There are some instances where the police are entitled to levy an additional charge for their services, but those must be services which are outside the core responsibilities of the police.
Section 25 of the Police Act 1996 deals with the “provision of special services” and states that:
The chief officer of police of a police force may provide, at the request of any person, special police services at any premises or in any locality in the police area for which the force is maintained, subject to the payment to the police authority of charges on such scales as may be determined by that authority.
The phrase special police services is not defined by the act. Association of Chief Police Officers (ACPO) guidance to senior police officers states:
“an event is an occurrence, out of the normal activity that takes place to provide an experience or defined activity to commercial or non-commercial reasons. Special police services are police services provided over and above core policing at the request of a person or organisation.”
Case law indicates that special police services include policing football matches (Chief Constable of Greater Manchester v Wigan Athletic AFC Ltd  EWCA Civ 1449) and music festivals (Reading Festival Ltd v West Yorkshire Police Authority  EWCA Civ 524).
The reason why football matches and music festivals might need additional policing is because of the risk of public order offences being committed and because the organisers themselves require additional police to ensure that they can discharge their own duties to keep the attendees safe. Where the police have provided services over and above those that have been specifically requested, organisers have not been required to pay.
ACPO guidance draws a clear distinction between different categories of event:
• Commercial events intended to generate private profit;
• Non-commercial events i.e. charitable or community events; and
• Statutory events reflecting constitutional rights or processes.
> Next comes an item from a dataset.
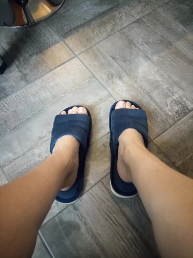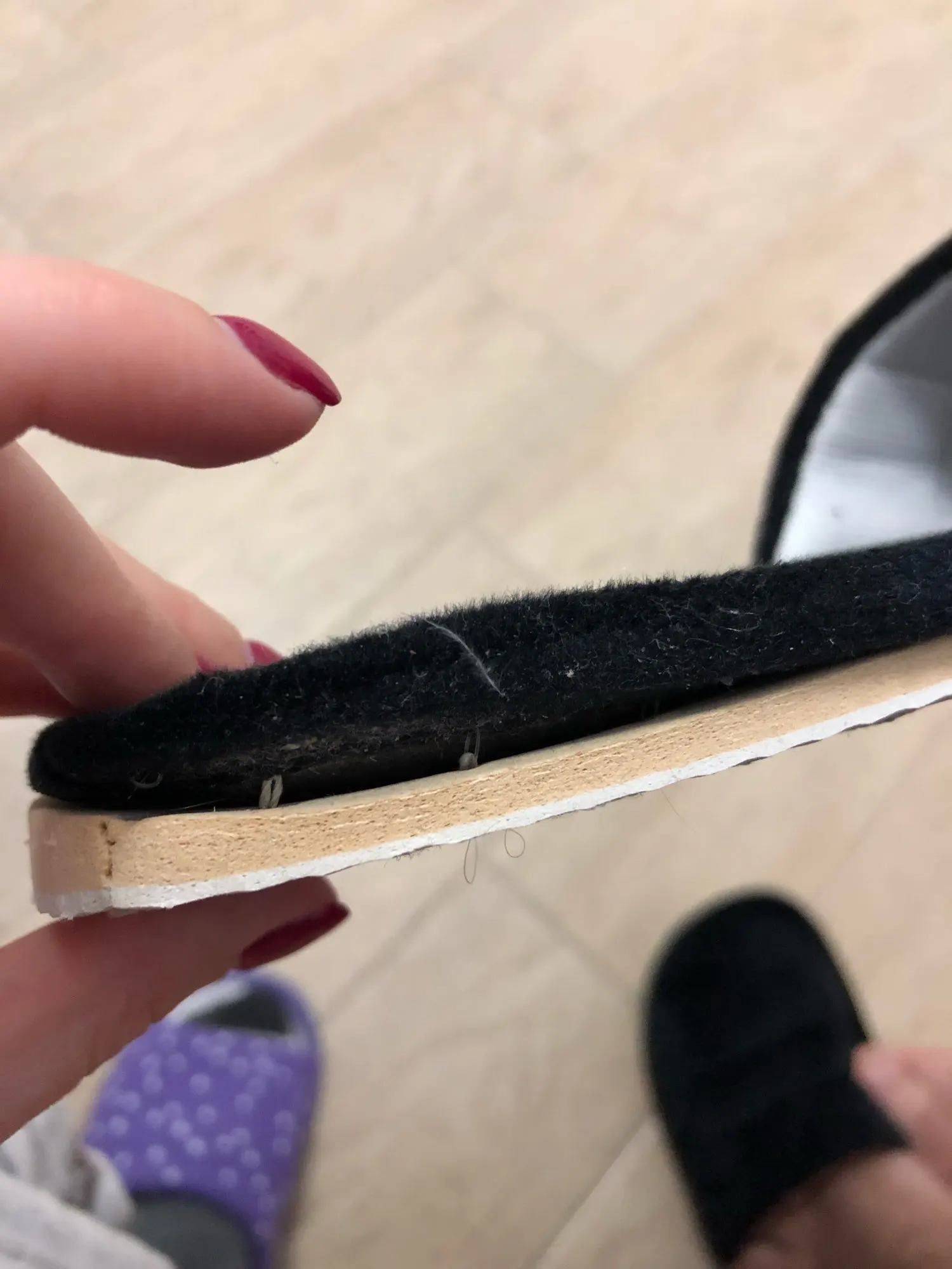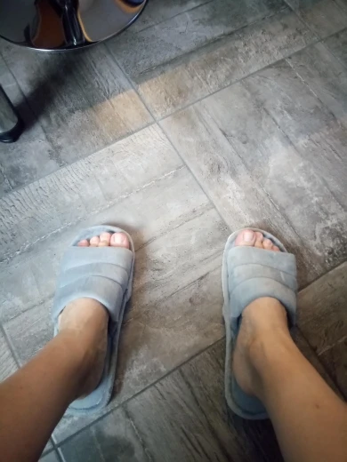 Не плохие тапочки, но ожидала лучшего качества. В целом довольна. Цвет яркий, как на фото. И мягкие. У нас на плитке скользят...

It provides that: “Policing of statutory events is part of a core activity and no charges should be made” and defines statutory events as “events where there is no financial gain to the organiser and which reflect constitutional rights, or a cause of royal, national or defined public interest”.
As a public body, the police must act within their powers and discharge duties to which they are subject. They must take decisions rationally, fairly and in a way which takes account of relevant – but not irrelevant – considerations. Cultural organisations have a legitimate expectation that the police will follow published guidance unless there is a good reason to depart from it. However, this guidance should be clear, especially where it potentially interferes with fundamental rights. At present, this guidance lacks clarity and therefore policy practice in this area may lack consistency. This is an area which could potentially be subject to challenge by way of judicial review.
As it is presently constituted, the guidance suggests that the real dividing line is between commercial and non-commercial events. In situations where fundamental rights are engaged, such as the staging of a highly controversial art exhibition where protests are expected, it is certainly arguable that policing is a core function notwithstanding that it is a commercial event.
The police may have felt they could waive the fee they originally requested in relation to the 2004 production of Behud because the theatre was a not-for-profit organisation. However, there may be situations where a theatre or exhibition space is a commercial organisation, but the work of art in question raises issues of artistic and political freedom of expression. For instance, under the guidance, the police could have charged the Birmingham Repertory Theatre at what appears to be the going rate of £10,000 per day for policing Behtzi had it not been cancelled.
Using the distinction between commercial and non-commercial events as a lodestone for determining whether or not the police can charge for special services is thus not necessarily appropriate. Attendance at football matches or music festivals does not, on the face of it, involve the exercise of fundamental rights. The situation in respect of all theatre, art exhibitions or other forms of artistic expression, even where a profit is made, is quite different. The police have an obligation to fulfil their core duties – those are now enhanced by their duties under the Human Rights Act not to act incompatibly with the Convention. The Convention imposes a qualified obligation not to interfere with the exercise of the right to freedom of expression and protest and a positive obligation to take appropriate steps to protect those rights. The policing of artistic expression, where political sensitivity leads to the risk of public order issues, is part of the police’s core function and duties and should not be a matter of commercial negotiation. Protection for these rights should under no circumstances depend on whether or not an organisation can afford to pay for it.